Darren Sharp, group head of IT at Tokio Marine Kiln, said: “It’s happening somewhere. If you look at shipping, they’re now using the sensors to work out if the captain is taking a short-cut through Somalian water and alert you, and reduce that risk of the terrorist attack. So it’s not just knowing if the cargo on the ship is too hot and the tulips are dead by the time they land.

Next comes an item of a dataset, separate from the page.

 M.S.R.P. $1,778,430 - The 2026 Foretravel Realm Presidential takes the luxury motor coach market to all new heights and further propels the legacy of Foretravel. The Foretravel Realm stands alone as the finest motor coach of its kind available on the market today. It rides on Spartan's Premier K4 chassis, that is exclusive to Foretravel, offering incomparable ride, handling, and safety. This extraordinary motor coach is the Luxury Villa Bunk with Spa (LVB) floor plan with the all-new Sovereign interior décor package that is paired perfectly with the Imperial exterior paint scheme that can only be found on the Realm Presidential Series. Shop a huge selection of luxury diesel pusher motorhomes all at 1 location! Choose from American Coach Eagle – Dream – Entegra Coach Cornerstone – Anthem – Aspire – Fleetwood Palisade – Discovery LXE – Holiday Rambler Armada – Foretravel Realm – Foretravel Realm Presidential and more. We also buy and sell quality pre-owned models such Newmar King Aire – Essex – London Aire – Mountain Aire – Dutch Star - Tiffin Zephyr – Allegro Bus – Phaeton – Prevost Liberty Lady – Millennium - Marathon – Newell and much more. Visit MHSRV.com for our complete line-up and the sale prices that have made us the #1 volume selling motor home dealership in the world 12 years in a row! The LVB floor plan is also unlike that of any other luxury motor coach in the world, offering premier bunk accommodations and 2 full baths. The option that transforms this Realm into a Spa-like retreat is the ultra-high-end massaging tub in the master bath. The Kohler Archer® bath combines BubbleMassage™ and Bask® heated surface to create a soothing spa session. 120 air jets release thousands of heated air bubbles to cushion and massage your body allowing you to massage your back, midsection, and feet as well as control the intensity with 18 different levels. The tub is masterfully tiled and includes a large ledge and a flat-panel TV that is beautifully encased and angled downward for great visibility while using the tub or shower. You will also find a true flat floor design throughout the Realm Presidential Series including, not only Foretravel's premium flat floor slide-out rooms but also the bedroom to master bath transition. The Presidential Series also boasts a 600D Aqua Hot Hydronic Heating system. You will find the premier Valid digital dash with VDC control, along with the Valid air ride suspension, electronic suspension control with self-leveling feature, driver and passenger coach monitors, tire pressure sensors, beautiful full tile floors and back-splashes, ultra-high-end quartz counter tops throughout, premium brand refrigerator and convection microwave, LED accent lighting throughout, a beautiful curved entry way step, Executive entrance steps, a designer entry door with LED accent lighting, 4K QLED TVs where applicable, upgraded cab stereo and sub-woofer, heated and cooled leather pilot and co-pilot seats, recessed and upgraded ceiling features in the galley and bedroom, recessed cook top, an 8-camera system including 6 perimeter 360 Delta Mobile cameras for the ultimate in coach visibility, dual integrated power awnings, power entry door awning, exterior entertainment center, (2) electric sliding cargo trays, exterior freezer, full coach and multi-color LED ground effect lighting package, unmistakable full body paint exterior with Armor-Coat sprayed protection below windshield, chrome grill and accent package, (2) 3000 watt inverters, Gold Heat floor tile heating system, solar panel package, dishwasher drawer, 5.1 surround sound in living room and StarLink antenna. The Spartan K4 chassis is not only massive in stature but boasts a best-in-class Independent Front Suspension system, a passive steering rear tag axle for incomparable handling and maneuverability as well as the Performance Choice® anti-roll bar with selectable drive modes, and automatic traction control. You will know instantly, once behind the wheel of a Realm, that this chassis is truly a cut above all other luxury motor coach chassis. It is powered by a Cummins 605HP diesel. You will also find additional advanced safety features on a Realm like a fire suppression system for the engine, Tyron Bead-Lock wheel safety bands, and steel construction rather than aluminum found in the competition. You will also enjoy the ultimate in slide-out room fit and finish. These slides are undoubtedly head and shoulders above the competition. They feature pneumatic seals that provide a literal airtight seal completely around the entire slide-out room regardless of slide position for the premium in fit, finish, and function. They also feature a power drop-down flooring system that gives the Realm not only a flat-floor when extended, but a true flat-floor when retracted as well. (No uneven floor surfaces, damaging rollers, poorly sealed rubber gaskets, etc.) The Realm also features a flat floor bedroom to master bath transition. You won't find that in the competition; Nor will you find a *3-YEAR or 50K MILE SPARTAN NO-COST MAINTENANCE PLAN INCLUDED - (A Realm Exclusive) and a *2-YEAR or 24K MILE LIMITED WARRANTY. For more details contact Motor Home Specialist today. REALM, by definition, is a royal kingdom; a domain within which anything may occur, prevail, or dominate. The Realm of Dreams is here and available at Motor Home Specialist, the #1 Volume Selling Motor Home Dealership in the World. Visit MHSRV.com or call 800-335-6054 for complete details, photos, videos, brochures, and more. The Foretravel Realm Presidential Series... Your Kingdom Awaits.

“It’s growing hugely. And that’s more in the specialist space, whereas, traditionally it was sensors in cars and stuff, which we’re seeing far more in personal lines. So, it’s happening in pockets.”
Emrich added: “Application program interface, for us, is the key. And it’s being talked about regularly around our core table, which is good to know. But from two perspectives, you’ve got the retail commodity end of insurance where it’s all about making sure you sell your product really frictionlessly through whatever aggregator, portals, so that people aren’t rekeying to get pricing and so forth.

“So, that’s all about API connectivity to rating engines and so forth. And then, for the speciality end, which is predominantly located in EC3, it’s all about efficiency of movement of data through our various different legacy systems, which were all designed before APIs were even invented.

“We’re having to either throw the whole thing out or wrap our legacy systems in APIs, so that we can be super-efficient.”

Sharp concluded that any investment needs to be spent in the right place for this to work: “In our organisation what they’ve spent the money was on was ‘here’s the nice pretty front end and we’ll just ask the broker 10 questions and then this person sat at a desk that cost £15,000 a year will enter 42 screens and calculate all the tax’ and the whole journey is like three weeks. It’s not digital at all.

“You need tools for automation and in the short-term that’s things like robotic process automation so you can chuck away some of those legacy systems. And even just some nice equipment for the employees, who have much nicer stuff at home than they’ve got in the office.

“So, making them more efficient, creates the time to allow them to get more involved and these kinds of initiatives. It just keeps them more motivated.”